BRIEF DESCRIPTION OF THE DRAWINGS
[0026] FIG. 1 illustrates a schematic cross-sectional view of a gas
turbine engine.
[0027] FIG. 2 illustrates a cross-sectional side view of a diffuser
case assembly of a gas turbine engine.
[0028] FIG. 3 illustrates a cross-sectional perspective view of a
portion of the diffuser case assembly of FIG. 2.
[0029] FIG. 4 illustrates a cross-sectional perspective view of a
portion of the diffuser case assembly of FIG. 2.
[0030] FIG. 5 illustrates an exploded view of the diffuser case
assembly of FIG. 2.
DETAILED DESCRIPTION
[0031] It is noted that various connections are set forth between
elements in the following description and in the drawings. It is
noted that these connections are general and, unless specified
otherwise, may be direct or indirect and that this specification is
not intended to be limiting in this respect. A coupling between two
or more entities may refer to a direct connection or an indirect
connection. An indirect connection may incorporate one or more
intervening entities.
[0032] FIG. 1 schematically illustrates a gas turbine engine 10.
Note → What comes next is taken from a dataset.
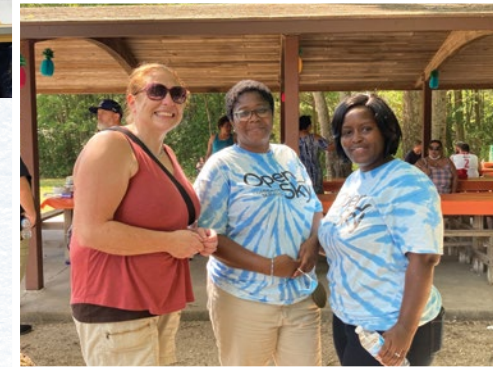
Open Sky staff at a team picnic

“At Open Sky, our unwavering commitment is to create an organization that genuinely embraces and cherishes everyone, fostering an inclusive environment where both our dedicated employees and the people we serve find a deep sense of worthiness and belonging, regardless of their unique identities.”

The gas turbine engine 10 is disclosed herein as a two-spool
turbofan that generally incorporates a fan section 12, a compressor
section 14, a combustor section 16, and a turbine section 18. The
fan section 12 drives air along a bypass flowpath B while the
compressor section 14 drives air along a core flowpath C for
compression and communication into the combustor section 16 then
expansion through the turbine section 18. Although depicted as a
turbofan gas turbine engine in the disclosed non-limiting
embodiment, it should be understood that the concepts described
herein are not limited to use with turbofans as the teachings may
be applied to other types of turbine engines including three-spool
architectures.
[0033] The gas turbine engine 10 generally includes a low-speed
spool 20 and a high-speed spool 22 mounted for rotation about an
engine central longitudinal axis 24 relative to an engine static
structure 26. It should be understood that various bearing systems
at various locations may alternatively or additionally be
provided.
[0034] The low-speed spool 20 generally includes an inner shaft 28
that interconnects a fan 30, a low-pressure compressor 32 and a
low-pressure turbine 34. The inner shaft 28 is connected to the fan
30 through a geared architecture 36 to drive the fan 30 at a lower
speed than the low-speed spool 20. The high-speed spool 22 includes
an outer shaft 38 that interconnects a high-pressure compressor 40
and high-pressure turbine 42. A combustor 44 is arranged between
the high-pressure compressor 40 and high-pressure turbine 42.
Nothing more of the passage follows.